Webhooks are the backbone of modern integrations. When Stripe processes a payment, GitHub receives a push, or Shopify gets an order, they send webhooks to your application. The challenge? Handling them reliably at scale.
flashQ transforms webhook handling from a fragile synchronous process into a robust, event-driven architecture.
The Webhook Problem
Typical webhook issues:
- Timeouts: Webhook providers expect fast responses (2-30 seconds)

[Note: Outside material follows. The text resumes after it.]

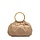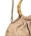 Medium-sized beige linen handbag with sturdy round bamboo handles. Includes a long shoulder strap and closes securely with a zipper. Read more..

- Retries: Providers retry failed webhooks, causing duplicate processing
- Order: Events can arrive out of order
- Scale: Traffic spikes during peak times
The flashQ Solution
ββββββββββββββββ ββββββββββββββββ ββββββββββββββββ
β Webhook β β flashQ β β Worker β
β Provider ββββββΆβ (Enqueue) ββββββΆβ (Process) β
β β β < 100ms β β Async β
ββββββββββββββββ ββββββββββββββββ ββββββββββββββββ
β β
β Fast response β Reliable processing
ββββββββββββββββββββββ
Handling Stripe Webhooks
// app/api/webhooks/stripe/route.ts
import { NextRequest, NextResponse } from 'next/server';
import Stripe from 'stripe';
import { Queue } from 'flashq';
const stripe = new Stripe(process.env.STRIPE_SECRET_KEY!);
const queue = new Queue('stripe-webhooks', { useHttp: true });
export async function POST(request: NextRequest) {
const body = await request.text();
const signature = request.headers.get('stripe-signature')!;
// Verify webhook signature
let event: Stripe.Event;
try {
event = stripe.webhooks.constructEvent(
body,
signature,
process.env.STRIPE_WEBHOOK_SECRET!
);
} catch (err) {
return NextResponse.json({ error: 'Invalid signature' }, { status: 400 });
}
// Enqueue for async processing (fast response to Stripe)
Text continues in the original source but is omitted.